Kingsize Soundlabs
- Company type: Recording studio
- Industry: Music
- Founder: Dave Trumfio
- Area served: Los Angeles, California, U.S.
- Key people: Dave Trumfio, Harry Trufio
- Website: kingsizesoundlabs.com

= Kingsize Soundlabs =

Recording studios in Los Angeles, USA

Kingsize Soundlabs is a recording studio in Los Angeles run by record producer Dave Trumfio and his brother Harry Trumfio. They have three studios in the Silverlake, Eagle Rock, and Highland Park areas of Los Angeles. The Eagle Rock studio is in the "Rock Block".

== History ==
Kingsize Soundlabs was established by Dave Trumfio in Chicago's Wicker Park area in the 1990s.

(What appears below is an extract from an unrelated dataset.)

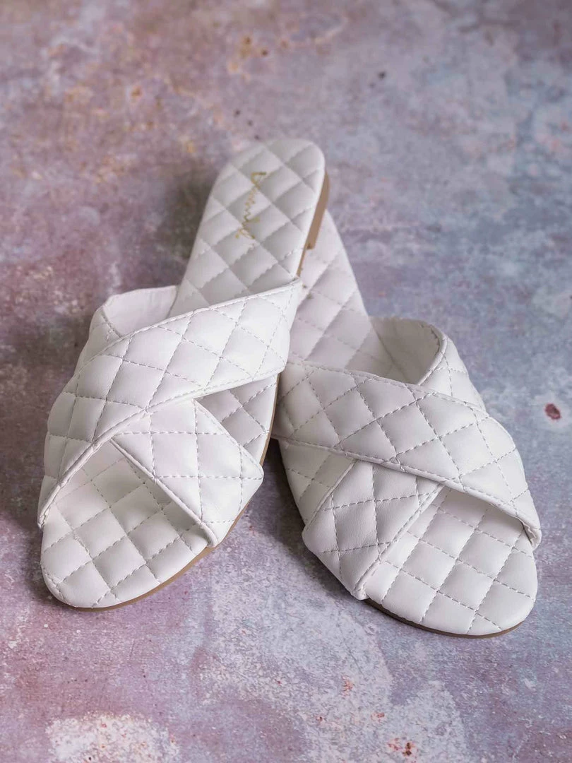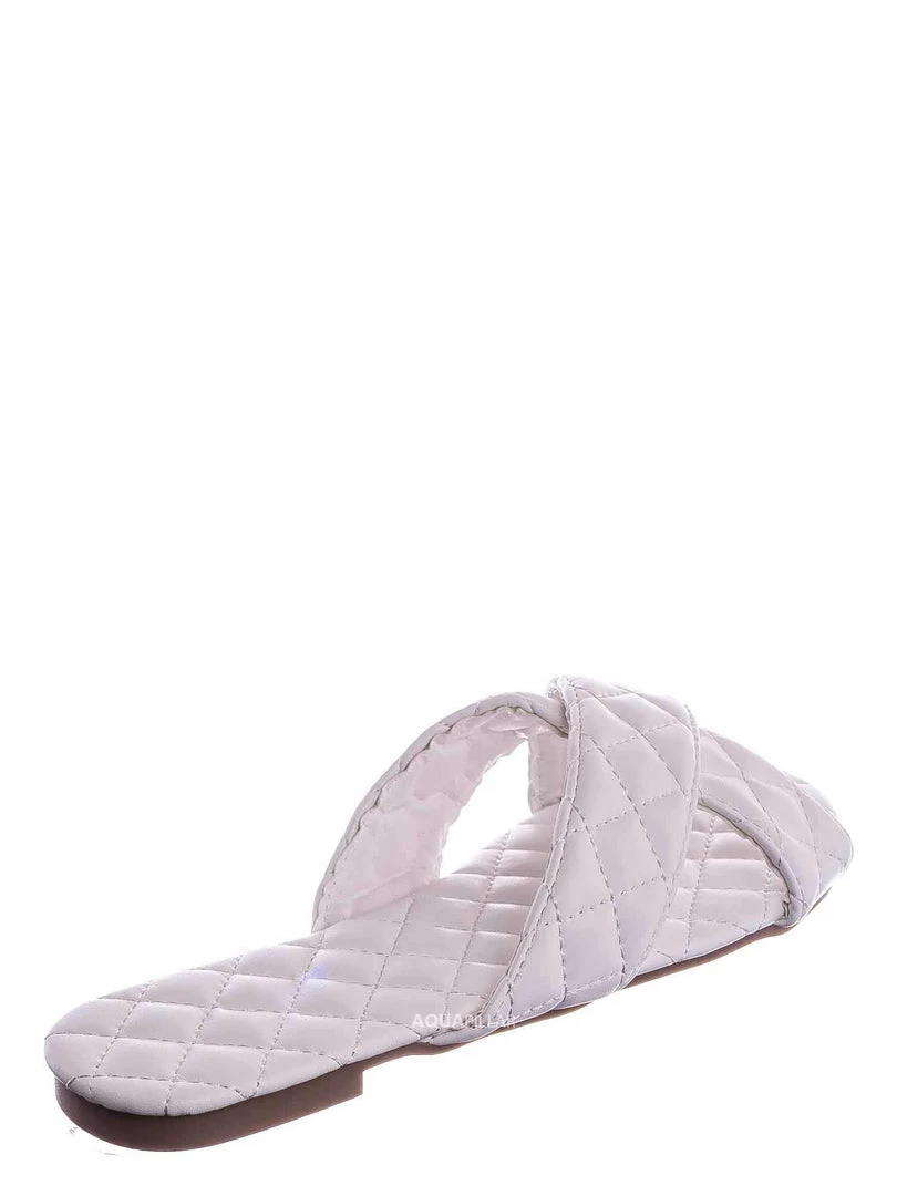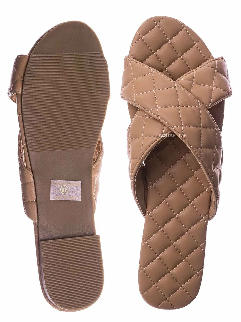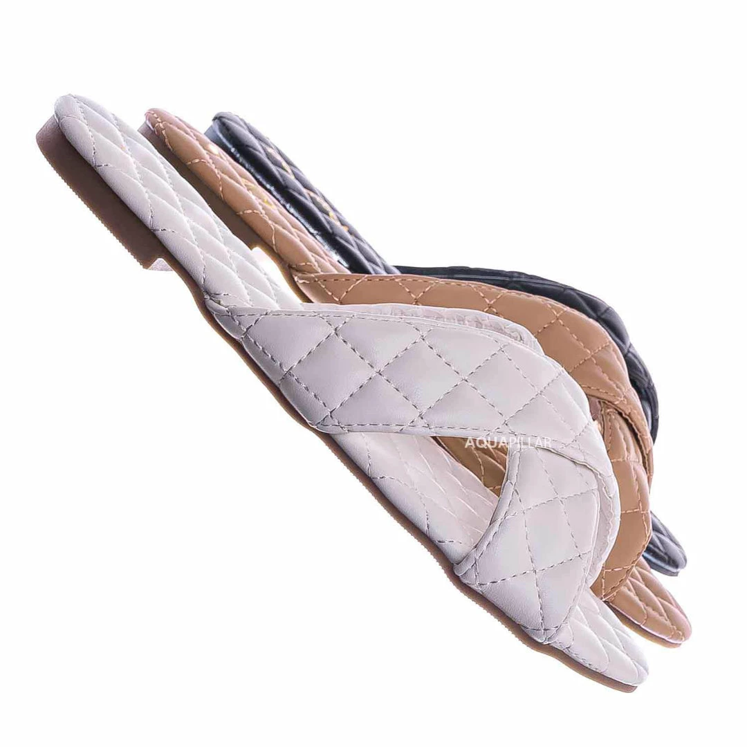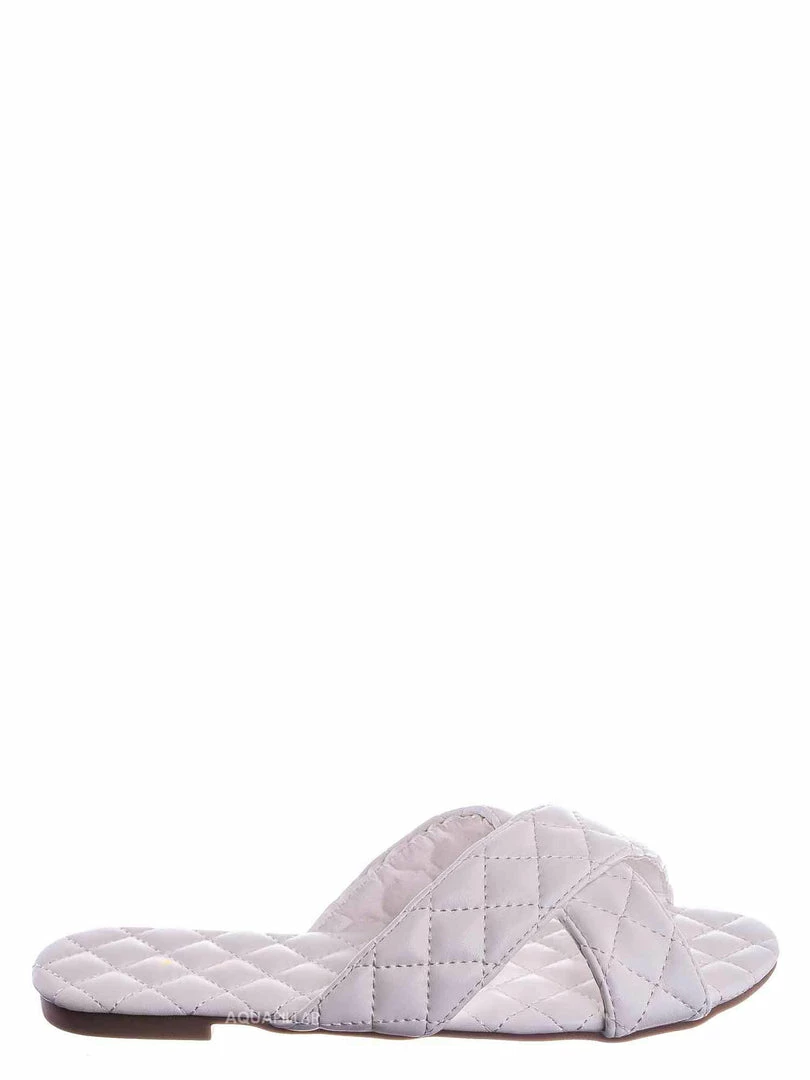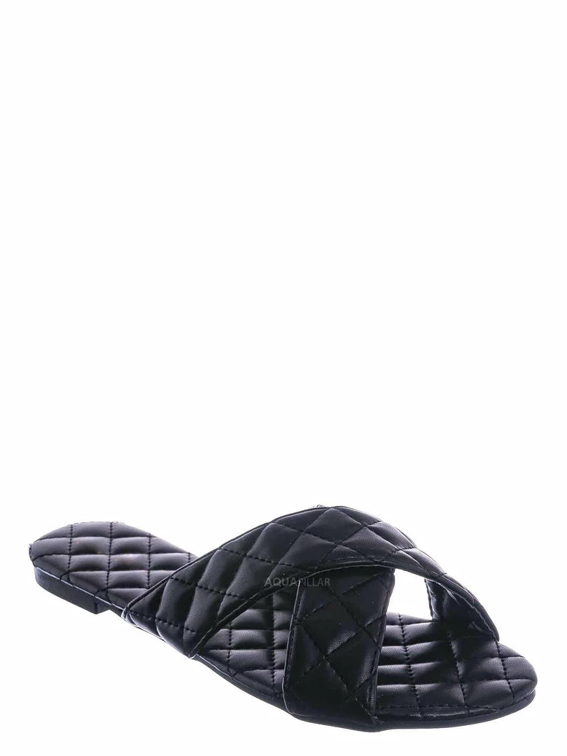 Product Detail : These slides features a puffy quilted strap and insole with double cross strap, easy to slide in construction and opened round toe.

He shut down his Chicago studio and moved to Los Angeles in 2000 opening there.

== Clients ==
Bands including American Standards, The Jesus and Mary Chain, Built to Spill, Wilco, The Vines, American Music Club, Patrick Park, Moving Units, Rilo Kiley, The Sleepy Jackson, The Spinto Band, Imperial Teen, Eleni Mandell, The Aggrolites, Slightly Stoopid, Los Abandoned, Lostprophets, Amateurs, Kristin Mooney, Mavis Staples, Attack Attack, Papa vs Pretty, and Letlive have recorded at Kingsize Soundlabs.

Studio B is producer Rob Schnapf's space for his "MANT studio".